Of all the rich chemicals in the amazing organ we call the brain, dopamine plays one of the most dramatic roles. Too little dopamine can cause slowed movement, apathy and lack of motivation. Too much dopamine is associated with schizophrenia and other mental illnesses. The correct balance of dopamine gives our brain and nervous system plasticity, the ability to move and think effortlessly and to keep a healthy balance in our emotions. The exotic brain chemistry that produces this range of behaviors is complex but well-understood enough so that new therapies for dopamine imbalances may soon be developed. This will be good news for depressives, Parkinson's disease patients and addicts seeking wellness.
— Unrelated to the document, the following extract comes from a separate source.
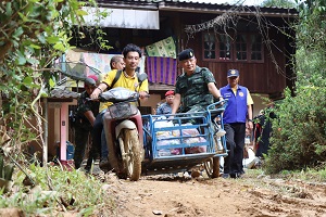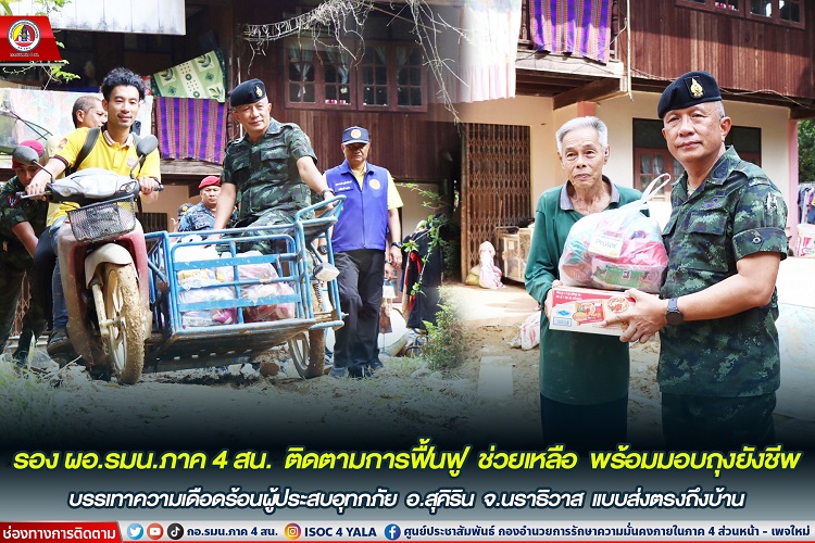 เมื่อวันที่ 3 มกราคม 2567 เวลา 13.30 น. พลโท ปราโมทย์ พรหมอินทร์ แม่ทัพน้อยที่ 4 / รองผู้อำนวยการรักษาความมั่นคงภายในภาค 4 ส่วนหน้า พร้อมคณะ ลงพื้นที่เยี่ยมให้กำลังใจ พร้อมมอบถุงยังชีพที่ได้รับการสนับสนุนจากหน่วยงานกองทัพบก ภาคเอกชน ผู้มีจิตศรัทธา และชมรมพัฒนาสัมพันธ์ระดับผู้บริหารจังหวัดชายแดนภาคใต้ (พสบ.จชต.) ร่วมบริจาค นำไปแจกจ่ายให้กับผู้ประสบภัยพื้นที่อำเภอสุคิริน จังหวัดนราธิวาส แบบส่งตรงถึงบ้าน โดยมี หัวหน้าส่วนราชการ , ผู้บังคับหน่วยเฉพาะกิจในพื้นที่ , ผู้นำท้องที่ , ผู้นำท้องถิ่น และประชาชนผู้ประสบภัยให้การต้อนรับ

Dopamine's Effects on Nervous System
Dopamine is a key neurotransmitter in the brain that affects physical movement, emotional response and the ability to experience pleasure or pain. Levels of dopamine are regulated by the interaction of the adenosine and dopamine system. Too little dopamine is a sign of Parkinson's disease; too much dopamine is characteristic of schizophrenia and some other mental disorders.
"Recreational" drugs like cocaine, amphetamines, heroin and alcohol all affect the dopamine system and cause different effects from euphoria to agitation, depending on how well the drugs mimic dopamine and the specific dopamine receptors that are either stimulated or blocked, according to the University of Texas Addiction Science Research and Education Center.
Dopamine agonists are drugs that act directly to stimulate dopamine receptors. L-DOPA is a drug that is given to Parkinson's disease patients to replace the missing dopamine in their brains.
Antagonists Reverse Dopamine Effects
Dopamine antagonists are drugs that reverse the effects of dopamine in the brains of patients such as schizophrenics whose systems overflow with the neurotransmitter. These drugs attach to dopamine receptors to block the effects of too much dopamine in the system. These drugs blunt the overproduction of dopamine to create a balance within the adenosine and dopamine system.
A naturally-occurring enzyme called monoamine oxidase, or MAO, quickly breaks down dopamine, but a drug called deprenyl reverses the effects of MAO, increases the level of dopamine and is effective in slowing the progression of Parkinson's disease, according to the University of Texas. Higher doses of deprenyl augment the beneficial effects of dopamine in Parkinson's patients.
Sensitization and Tolerance
Street drugs such as cocaine and amphetamine also boost production of dopamine by preventing its reuptake, or recycling, into neurons in the brain. Dopamine levels remain high for long periods of time and generate pleasurable feelings. Methylphenidate, often prescribed to treat children with attention deficit disorder/hyperkenisis disorder, or ADD/HD, also stimulates production of dopamine.
The way that neurons respond to dopamine is at the heart of drug addiction. Long-term treatment with dopamine antagonists causes the brain to produce more dopamine receptors, which are more sensitive to dopamine. This process is called sensitization.
Tolerance, or desensitization, results when the effects of repeated use of a drug decline sharply as the nervous system struggles to maintain equilibrium. Both sensitization and tolerance can develop after just one exposure to a drug.
The Adenosine-Dopamine System
Imbalances in the adenosine-dopamine system can have profound effects on motivation and apathy. The spaced-out condition of a drug addict and the slowing of psychomotor reflexes in Parkinson's disease patients seem to share a similar chemistry.
A 2006 study at the University of Connecticut using rats to test the effects on effort-related eating behavior found that rats whose dopamine had been depleted chose not to perform tasks with a high food reward if they required a high response. The animals were injected with the antipsychotic drug haloperidol, which is a dopamine antagonist, or inhibitor.
But administration of an adenosine antagonist drug reversed the effects of haloperidol in a dose-related pattern. In other words, the test demonstrated how bringing the adenosine-dopamine system into balance reversed the apathy and low energy of the rats.
Implications for New Drugs
The scientists believe this finding "may have implications for the treatment of psychiatric symptoms such as psychomotor slowing," they said in their paper published in the Oct. 27, 2006, issue of Psychopharmacology. They speculate that adenosine antagonist drugs might be effective against symptoms of depression and other psychiatric illnesses.
"There are striking similarities between the characteristics of parkinsonian bradykinesia (slowness) and psychomotor slowing in affective disorders," the authors noted.